In 2003, Kamisawa and colleagues first recognized that autoimmune pancreatitis is characterized by infiltration with IgG4-positive plasma cells that can be detected beyond the pancreatic tissue and heralds a systemic disease, which they coined IgG4-related autoimmune disease. Since then, the field has expanded into a new concept of IgG4-RSD. IgG4-RSD can cause sialadenitis and dacryoadenitis and seems to encompass the poorly characterized old entities of Kuttner tumor and Mikulicz disease.

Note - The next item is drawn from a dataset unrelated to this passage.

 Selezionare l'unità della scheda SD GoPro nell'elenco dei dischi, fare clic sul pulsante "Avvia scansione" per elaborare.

Kuttner tumor, also known as chronic sclerosing sialadenitis, was originally described by Kuttner as a hard swelling of 1 or more submandibular glands that may also involve the parotid and minor salivary gland. Patients are often middle-aged to elderly men who present with asymptomatic enlargement of salivary glands, unilateral or bilateral, with preserved to slightly reduced salivary gland function. Researchers from Japan reported on the presence of abundant IgG4 plasma cells in 12 patients with sclerosing sialadenitis and first proposed its association with IgG4-RSD. About half of these patients had extrasalivary systemic lesions with either pancreatic, lacrimal, prostate, or bile duct infiltration. More than 45% of infiltrating IgG-positive plasma cells were IgG4 positive in these patients, compared with less than 5% in sialolithiasis and Sjögren control patients. IgG4 serum levels were not measured in this series. A more recent study confirmed similar findings in a Western population of patients with chronic sclerosing sialadenitis, again supporting the finding that Kuttner tumor may belong within the spectrum of IgG4-RSD. Unlike MESA, lymphoepithelial lesions are not detected in Kuttner tumor. Instead, histology reveals marked lymphoplasmacytic infiltration with large germinal centers, obliterative phlebitis, acinal atrophy, and interlobular fibrosis with activated fibroblasts.

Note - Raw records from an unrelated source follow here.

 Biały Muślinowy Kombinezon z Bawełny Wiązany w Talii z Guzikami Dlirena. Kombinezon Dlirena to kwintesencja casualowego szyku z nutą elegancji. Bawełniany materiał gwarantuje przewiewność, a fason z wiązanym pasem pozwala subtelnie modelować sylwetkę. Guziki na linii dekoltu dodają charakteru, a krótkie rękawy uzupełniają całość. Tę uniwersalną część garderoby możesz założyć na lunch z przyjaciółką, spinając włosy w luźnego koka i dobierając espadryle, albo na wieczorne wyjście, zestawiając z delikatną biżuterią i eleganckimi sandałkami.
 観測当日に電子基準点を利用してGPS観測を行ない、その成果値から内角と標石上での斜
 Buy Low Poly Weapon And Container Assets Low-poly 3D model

Mikulicz disease presents with bilateral and persistent enlargement of the lacrimal and salivary glands. It has been rarely reported in the Western literature since Morgan and Castleman defined it as a subset of Sjögren syndrome. Differences from Sjögren syndrome include a balanced gender distribution, mild keratoconjunctivitis sicca, the lack of positive antinuclear antibody or anti-Ro/La antibodies, reported positive response to corticosteroids with recovery of glandular function, and the lack of apoptosis and acinar destruction typical of Sjögren syndrome. Yamamoto and colleagues reported on 7 patients meeting the definition of Mikulicz disease and described increased serum IgG4 levels and the presence of IgG4-positive plasma cells infiltrating around the acinar and ductal cells, defining a new concept of Mikulicz disease as an IgG4-related plasmacytic disease. Presence of greater than 50 IgG4-positive plasma cells per high-power field and an IgG4/IgG-positive plasma cell ratio of greater than 50% have been proposed as the histologic requirement for the diagnosis of IgG4-associated sialadenitis.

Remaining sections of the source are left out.